Data entries
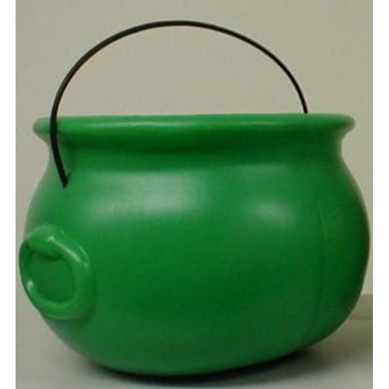 Fill the green cauldron with plastic or chocolate coins for guests to take home from your St Pattys party or decorate the party scene with this lucky pot for festive atmosphere. This green plastic cauldron with handle measures 8in and comes one per pack.
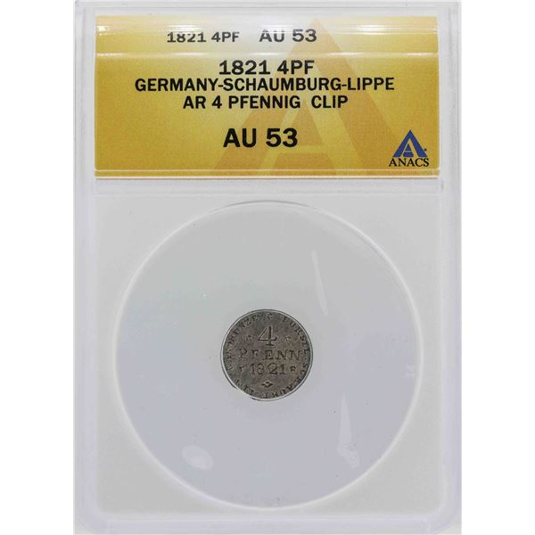 One 1821 Germany-Schaumburg-Lippe 4 Pfennig Coin ANACS AU53.
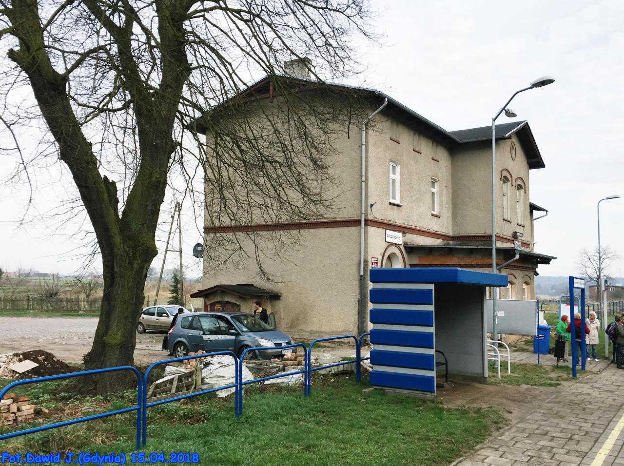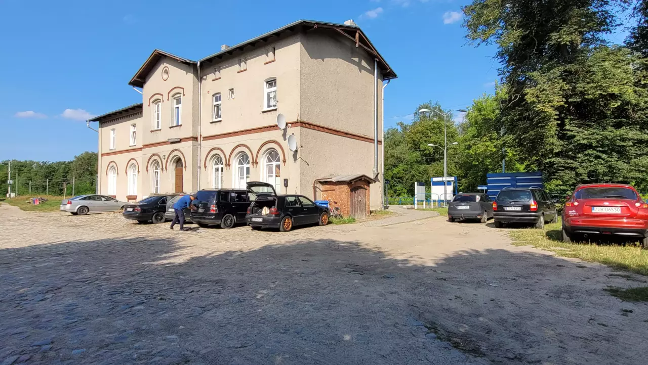 Przystanek PKP Lisie Pole. Budynek dworcowy. Widok od strony peronów.
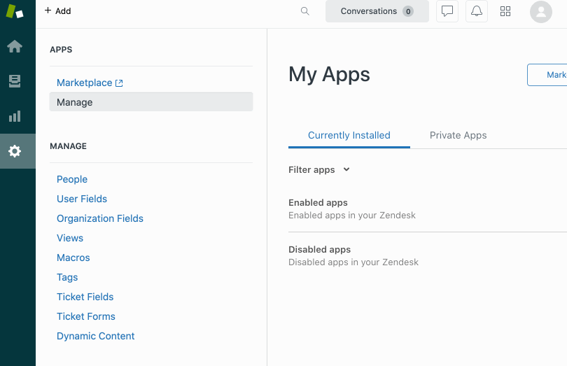 1. In your Zendesk dashboard, click the gear icon on the left.
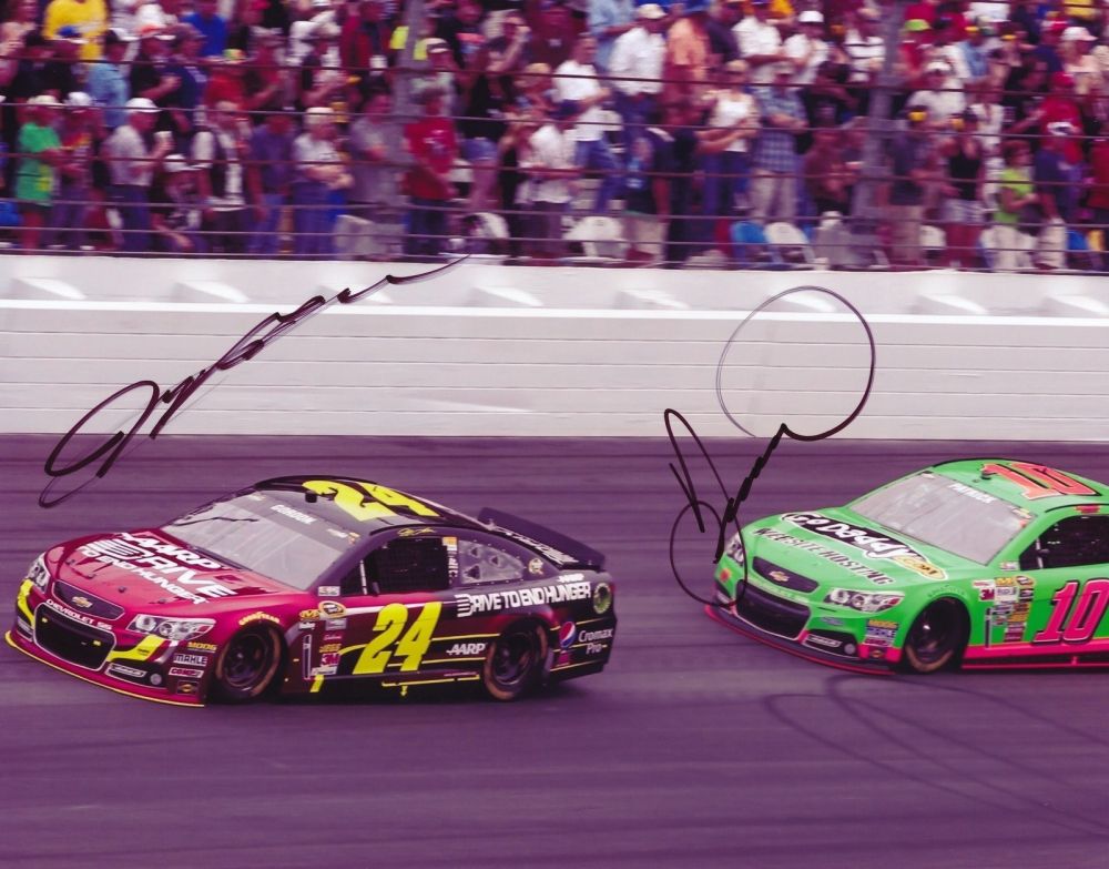 Photograph measures 8" x 10" in size and has been hand-signed by both Danica Patrick and Jeff Gordon. Autographs include a Pristine Auction LOA and lifetime guarantee for authenticity purposes.
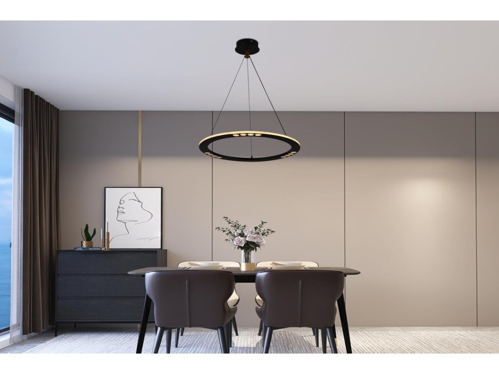 LED dizajnové závesné svietidlo s diaľkovým ovládačom RF 2,4GHz značky NEDES, je lampa vhodná do kuchyne, jedálne, spálne, chodby alebo obývačky. Tieto svietidlá vynikajúco kombinujú moderný štýl s najvyššou kvalitou. Svetlá sú ovládané SMART technológiu pomocou aplikácie NEDES Smart.
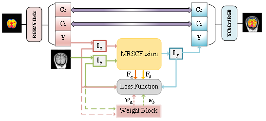 此外,为进一步有效地保留医学影像的纹理特征和强度信息,定义了包含内容损失和强度损失的联合损失函数来约束融合模块,并引入自适应权重来控制源图像的信息保留程度。所提出的框架在CT-MRI、PET-MRI和SPECT-MRI等多个融合任务上进行实验,通过定性和定量分析验证了模型的优越性。
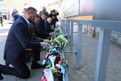 В обласному центрі Волині очільники влади, військові, ветерани та небайдужі волиняни принесли квіти до підніжжя «Пораненого солдата» на меморіальному комплексі «Вічна слава» та пам’ятного фотостенду учасників сучасної війни «Герої Небесної Сотні – Загинули за Єдність України».
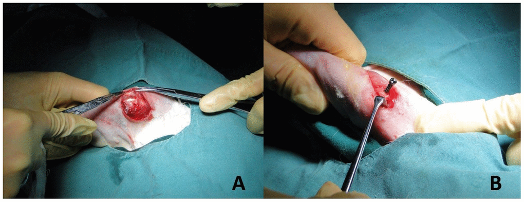 From August 2018 to May 2019, thirty skeletally-matured (four months old) male, New Zealand, big-ear white rabbits were randomly divided equally into two groups, a study group and control group, weighing between 2.53 kg and 2.71 kg. Each of the rabbits were fed in a single cage with common rabbit food and observed for two weeks before the surgery. They were confirmed to be healthy and without other disease. The disposal of animals conformed to the standards of medical ethics.
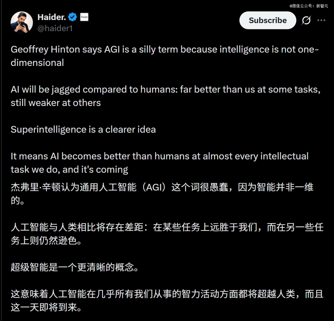 在Hinton看来,真正有意义的是「超级智能(superintelligence)」。它的定义很清楚——在几乎所有人类能做的智力任务上都比我们强。我们相信它正在到来。
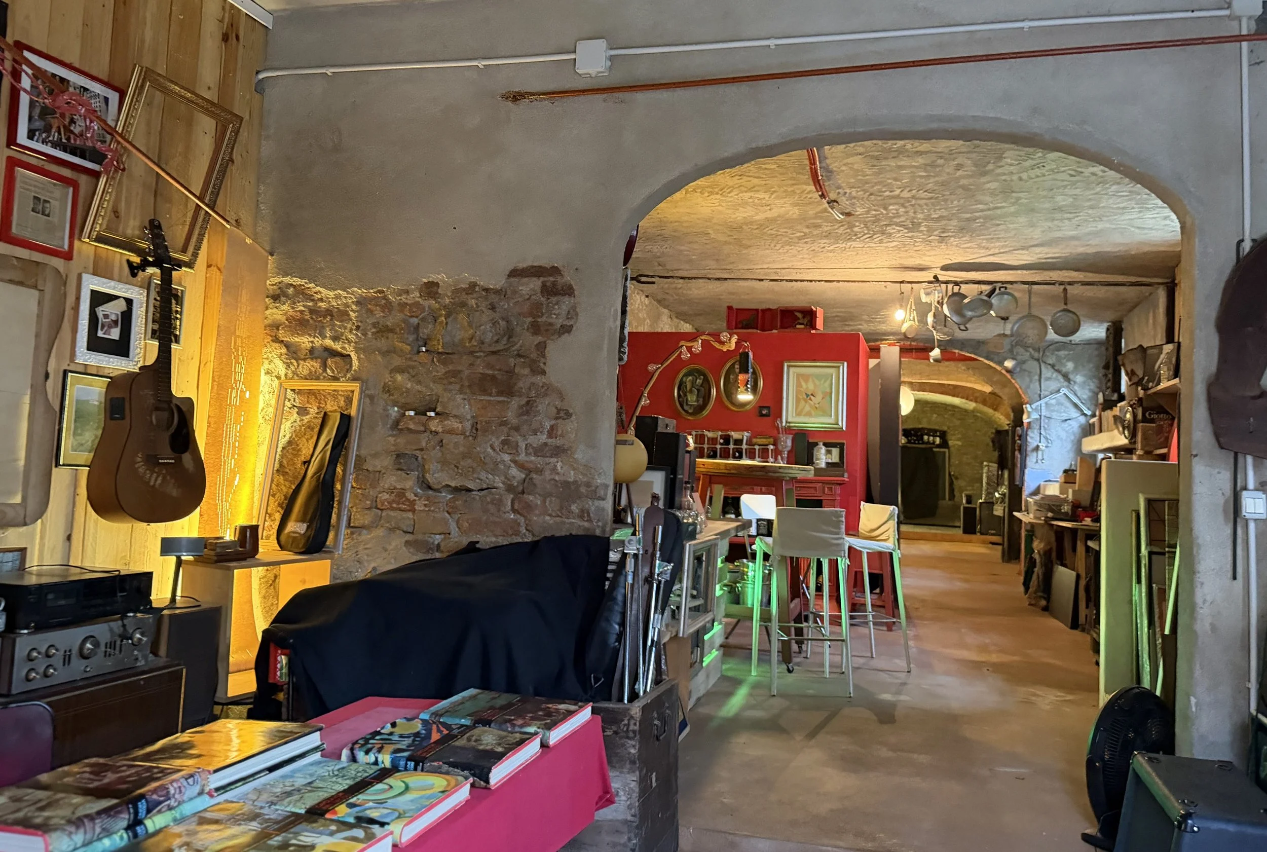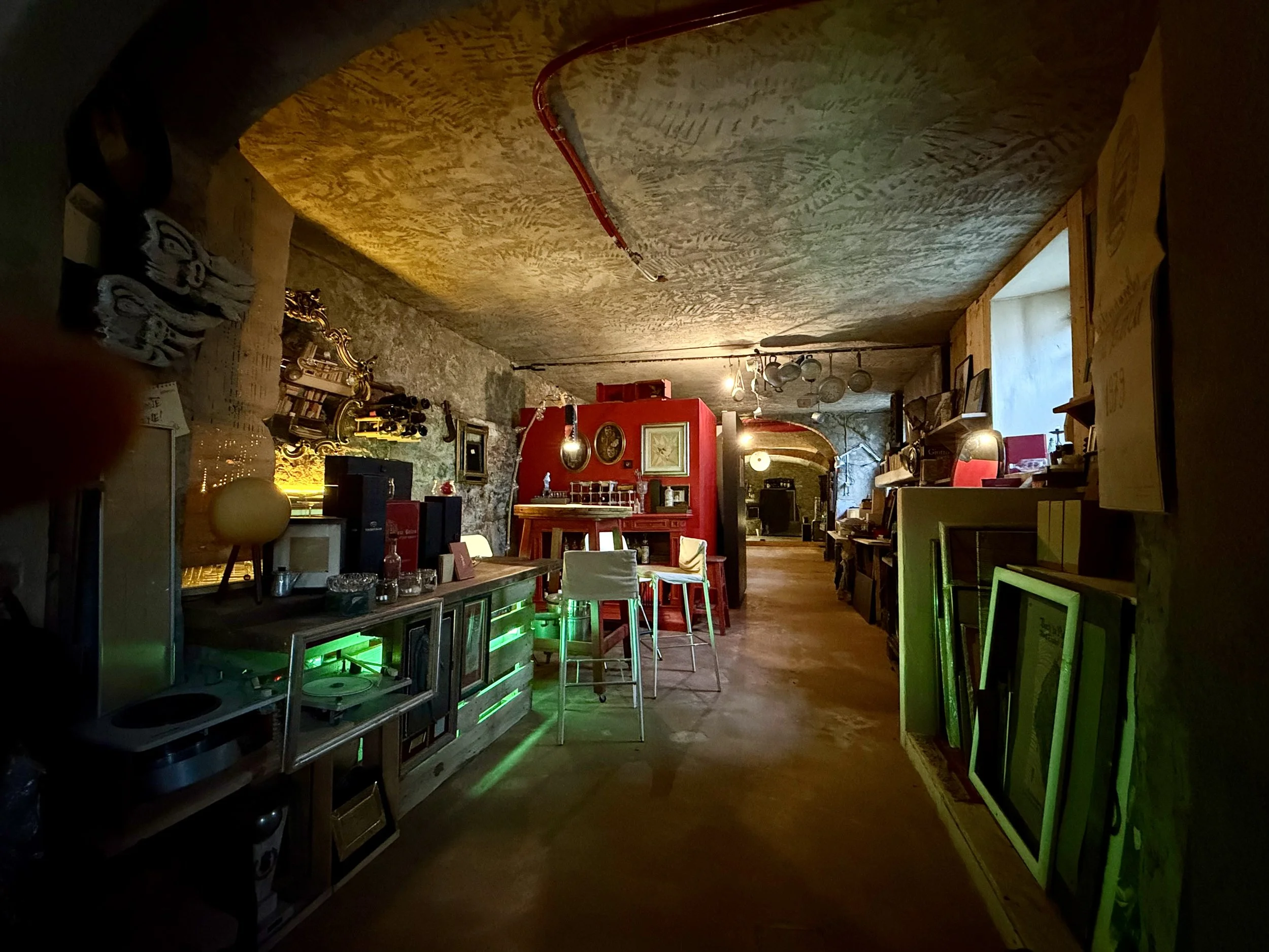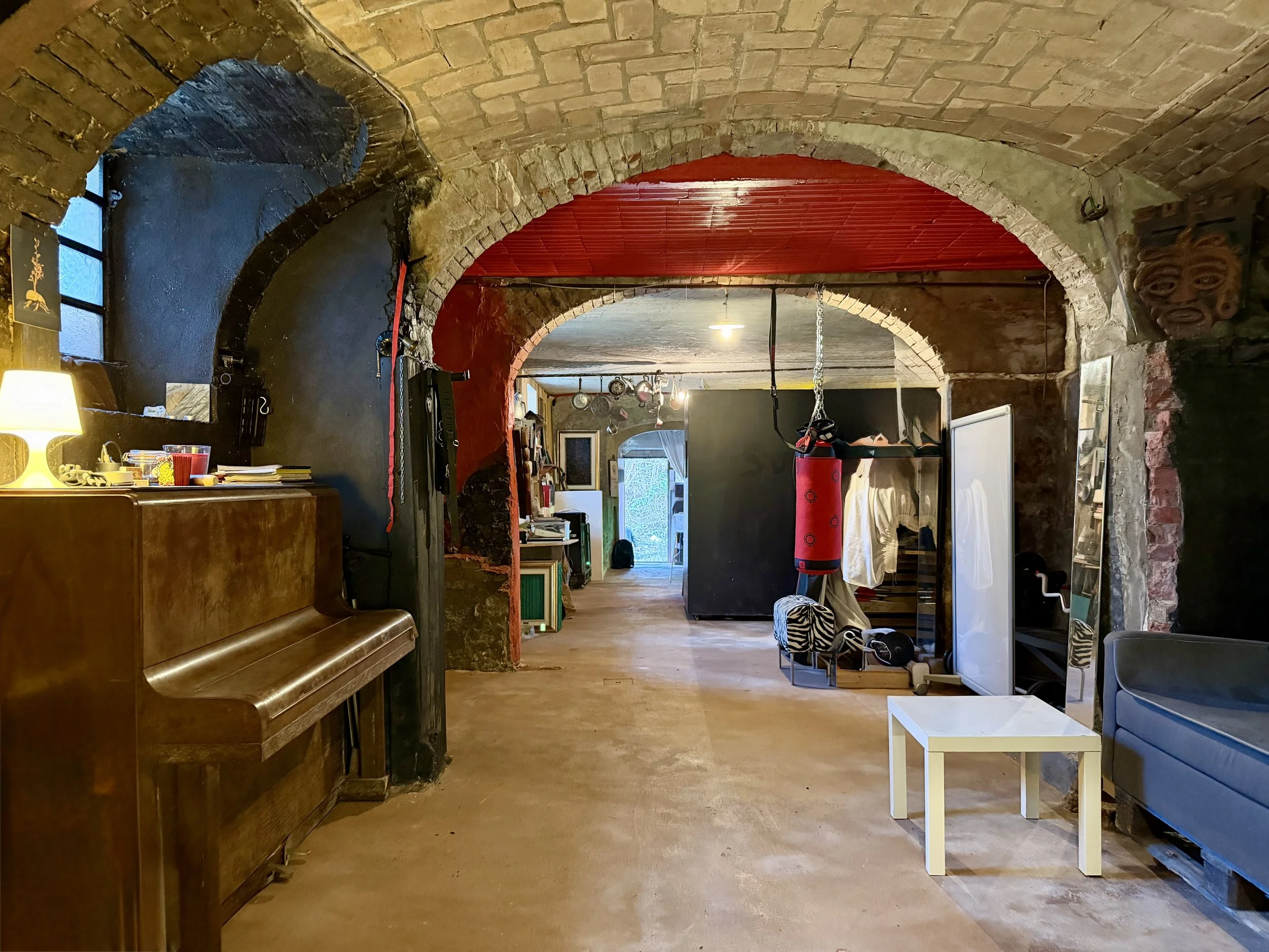 There is a huge cellar underneath the house with an internal staircase behind the wood covered end wall in the dining/living room. The cellar is covering the area under both the owners and the neighbours house. It is truly amazing and is today used as a multi-functional space with storage, a bar, gym and entertainment area. A big wooden door opens from the cellar to the lane leading down to the park behind the house making it very easy to transport bigger items directly into the cellar.

Task ▸
From the first line above down to the line with "В обласному центрі", reproduce every line and no others, omitting pictures.

Response ▸
 Fill the green cauldron with plastic or chocolate coins for guests to take home from your St Pattys party or decorate the party scene with this lucky pot for festive atmosphere. This green plastic cauldron with handle measures 8in and comes one per pack.
 One 1821 Germany-Schaumburg-Lippe 4 Pfennig Coin ANACS AU53.
 Przystanek PKP Lisie Pole. Budynek dworcowy. Widok od strony peronów.
 1. In your Zendesk dashboard, click the gear icon on the left.
 Photograph measures 8" x 10" in size and has been hand-signed by both Danica Patrick and Jeff Gordon. Autographs include a Pristine Auction LOA and lifetime guarantee for authenticity purposes.
 LED dizajnové závesné svietidlo s diaľkovým ovládačom RF 2,4GHz značky NEDES, je lampa vhodná do kuchyne, jedálne, spálne, chodby alebo obývačky. Tieto svietidlá vynikajúco kombinujú moderný štýl s najvyššou kvalitou. Svetlá sú ovládané SMART technológiu pomocou aplikácie NEDES Smart.
 此外,为进一步有效地保留医学影像的纹理特征和强度信息,定义了包含内容损失和强度损失的联合损失函数来约束融合模块,并引入自适应权重来控制源图像的信息保留程度。所提出的框架在CT-MRI、PET-MRI和SPECT-MRI等多个融合任务上进行实验,通过定性和定量分析验证了模型的优越性。
 В обласному центрі Волині очільники влади, військові, ветерани та небайдужі волиняни принесли квіти до підніжжя «Пораненого солдата» на меморіальному комплексі «Вічна слава» та пам’ятного фотостенду учасників сучасної війни «Герої Небесної Сотні – Загинули за Єдність України».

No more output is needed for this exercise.